Looks like there are now a few more choices out the as opposed to the MPU6050/HMC5883 or LG3D20/LSM303 combos.
The MPU9250 has a 14 bit AK8963 embedded, which could update at 100Hz automatically. But there is no DRDY pin on the MPU9250 for the AK8963, which means you have to build up a manual measurement sequence using the I2C state machine on the MPU9250. Measurement time is 9ms (7.2ms typical), so this could be synched to the accel/gyro output of the MPU6500 (which is the on-die accel/gyro of the MPU9250). At a 20Hz bandwidth filter for accel/gyro, the delay for gyro is 9.9ms and for accel it's 19.8ms. This means the measurement for accel is about 10ms delayed relative to gyro. That was not the case with MPU6050, where the delta was about 1ms ... The realign could be done in software by queuing up 10 gyro samples ...

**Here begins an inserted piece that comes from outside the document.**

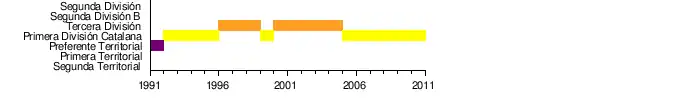 Durante la existencia de la Primera División Catalana hasta la reestructuración del fútbol catalán de 2011:

The read of the AK8963 has some I2C bus consequences, as there is only 1 I2C write possible at a lower sample rate. That means you can trigger a measurement, but still read it back at sample rate. So if one wanted to have 1kHz accel/gyro readings, one has to read 20 bytes each per packet. That is 24 10bit bus transactions (device address and register index included), so 240 I2C clocks. That means the bus utilization of the 400kHz I2C close to 60%, so still doable.
The LSM9DS0 is still kind of a puzzle to me. Looking at the datasheet I fail to see what the gyro precision is, and what the effective magnetometer precision is. Some information on the net suggests the magnetometer is from Honeywell, so it's probably 12 bit. The real odd thing is the sample frequencies for accel/gyro. They are 800Hz vs. 760Hz. So if you use the gyro as the master input for your EKF, then the accel might be out of sync by 1.3ms. That is a magnitude worse than the 0.1 ms that the MPU9250 has.
My EKF had the assumption that samples for accel/gyro are arriving virtually at the same time. With the MPU9250, I kind of can do that, but with the LSM9DS0 this seems to be impossible. If one let's the EKF run at say 250Hz only, then uncertainty of 1.3ms does not seem to be that much compare to the filter rate of 4ms ...
Anyway, I am looking at this really from the interfacing and timing side. The real precision and quality of the samples is something I could not derive from the data sheets. I was wondering whether any of you had some thoughts on that.